La description traditionnelle de l’émergence des galaxies consiste à partir de fluctuations quantiques après le Big Bang, ayant eu pour effet de densifier certaines parties de la “soupe atomique” de l’époque. Fluctuations très liées à la matière sombre (ou matière noire), censée constituer près des 3/4 de la masse de l’univers. Dans le modèle cosmologique standard, c’est l’observation de la réalité – et notamment les galaxies – qui fonde la nécessité d’une telle matière sombre, a priori froide et statique. Toujours selon ce modèle, ces densifications locales seraient les points de départ de la construction des galaxies par attraction gravitationnelle.
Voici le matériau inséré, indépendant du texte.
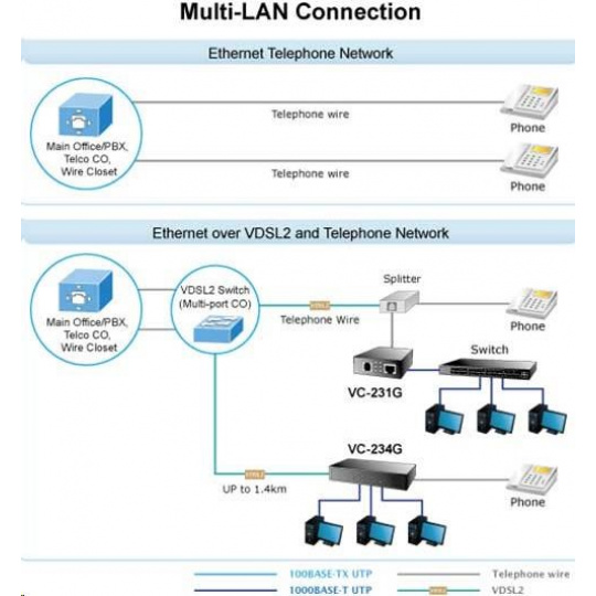 PLANET VC-231G Ethernet cez telefónnu linku (technológia VDSL2). 1x LAN RJ-45, 1x VDSL2 RJ-11. Priehľadný most. G.993.2 VDSL2, G.993.5 G.Vektorovanie + G.INP. Kapacita 200/160 Mb/s na 200 m. Dosah až 1,4 km. Nastavenie prepínača DIP, voliteľne Master (CO) / Slave (CPE). Možná prevádzka na linke VDSL O2. Ethernetový konvertor LRE (Long Reach Ethernet) na VDSL2 (Very-high-data-rate Digital Subscriber Line 2) umožňuje prenášať dáta po symetrickom páre vodičov rýchlosťou až 200 Mbit/s na vzdialenosť 200 m alebo 30 Mbit/s na vzdialenosť až 1,4 km, pričom prenosové rýchlosti závisia od stavu a kvality použitej linky. Zariadenie je univerzálne ako jednotka master (CO) / slave (CPE), režim sa nastavuje prepínačom. Jednotka podporuje prevádzkové režimy VDSL2 podľa prenosových profilov "17a" a "30a", "pásmo Plan997" a G.993.5 G.Vektorovanie a G.INP ovplyvňuje symetrický prenos dát pri vyšších rýchlostiach aj na paralelných linkách. Pomocou externého rozdeľovača je možné zachovať hlasovú službu na telefónnej linke bez ďalších úprav kabeláže. Takto je možné využívať telefónne káblové vedenia pôvodne určené na pripojenie nielen k účastníkom, ale aj medzi analógovými ústredňami. Poskytovatelia internetových služieb (ISP) môžu ponúkať multimediálne služby, VOD (video na požiadanie), VoIP (voice over IP), videotelefón, IPTV atď. Aplikácia VDSL2 s pokročilým G.INP a G.Vektorovanie možno prevádzkovať aj v rámci aktívnych prvkov prostredníctvom rozhraní SFP vďaka modulu XL-MGB-VDSL2-R2 (pozri. odporúčané príslušenstvo). Modem možno úspešne prevádzkovať cez linky VDSL spoločnosti O2. ZÁKLADNÉ ŠPECIFIKÁCIE Porty: 1 x 10/1000Base-T, RJ-45 1 x VDSL, RJ-11 Podpora prenosu: JumboFrame 2K MAC adries IEEE 802.3, IEEE 802.3u, IEEE 802.3ab, IEEE 802.3x, IEEE 802.3p Transparent pre IEEE 802.1Q VLAN tag Štandard: ITU-T: G.993.1 - VDSL, G.997.1, G.993.2 - VDSL2 (profily 17a/30a), G.993.5 G. - Vektorovanie a G.INP, G.998 Prepínanie DIP: výber CPE/CO, výber modulácie, výber komunikačného limitu, výber SNR Napájanie: z externého adaptéra, 5V/2A Prevádzková teplota: 0 až 50 °C, vlhkosť <90 % Rozmery: 97 x 70 x 26 mm Hmotnosť: 184 g Možno inštalovať do šasi MC-700, MC-1500, MC-1500R Príklad rozsahov a rýchlostí (down/up Mb/s) na linkách s vodičmi AWG24 a lepšími: 200 m -> 225.34Mb/122.39Mb 400m -> 151.89Mb/78.78Mb 600m -> 90.42Mb/49.93Mb 800m -> 57.70Mb/29.87Mb 1000m -> 45.33Mb/9.21Mb 1400m -> 34.74Mb/5.75Mb Nastavenie modemu pre pripojenie O2 VDSL v režime CPE; ďalšie prepínače DIP Prenos, Pásmo, SNR podľa kvality spojenia v routeri na rozhraní WAN použite VLAN ID:848 cez WAN nastavte PPPoE klienta, Prihlásenie: O2/O2 venujte pozornosť aj nastaveniam vášho routera, jeho firewallu, prístupovým právam, UPnP atď...

Néanmoins, pour devenir aussi grandes qu’elle le sont aujourd’hui les galaxies se sont entrechoquées et ont fréquemment fusionné autour de bulbes massifs constitués d’amas d’étoiles désordonnés avec, au centre, un trou noir. Dans les galaxies spirales à bulbe, il y a une corrélation entre la taille du bulbe et la taille du trou noir, et 70% des galaxies possèdent un bulbe. Les galaxies spirales sans bulbe étaient supposées avoir réussi à grandir sans fusionner avec d’autres, et on ne se posait pas trop la question de savoir comment, exactement, elles s’y étaient prises.
Jusqu’au jour où des astronomes un peu plus curieux , notamment John Kommendy de l’Université du Texas et Ralph Bender de l’Institut Max Planck à Munich, se mirent à observer très attentivement 19 grosses galaxies spirales les plus proches de nous et surprise : 11 semblent ne pas avoir de bulbe – et donc n’auraient pas connu de fusions violentes au cours de leur croissance. Parmi celles-ci la Pinwheel en photo ci-dessus, et la nôtre, la Voie Lactée. En effet, ce qui semble être un bulbe (donc une zone chaotique, vestige des violentes rencontres du passé) au coeur de ces galaxies est en fait un espace calme et ordonné, avec des zones de formation d’étoiles, et ne dépassant pas du plan de la galaxie. De plus, les trous noirs aux centres des bulbes sont supposés jouer un rôle important dans la croissance des galaxies de part leur force d’attraction. Or ces galaxies sans bulbes n’ont pas de trous noirs massifs en leur centre, celui de la Pinwhelle étant par exemple mille fois moins massif que ce qu’il devrait être si elle était dotée d’un bulbe.
Extrapolant au 562 galaxies répertoriées, la question du mode de croissance prend tout de suite une ampleur importante : les grosses galaxies spirales sans bulbes sont peut être majoritaires, et si elles n’ont pu grandir sur le mode “fusion et acquisition” il faut trouver une nouvelle explication.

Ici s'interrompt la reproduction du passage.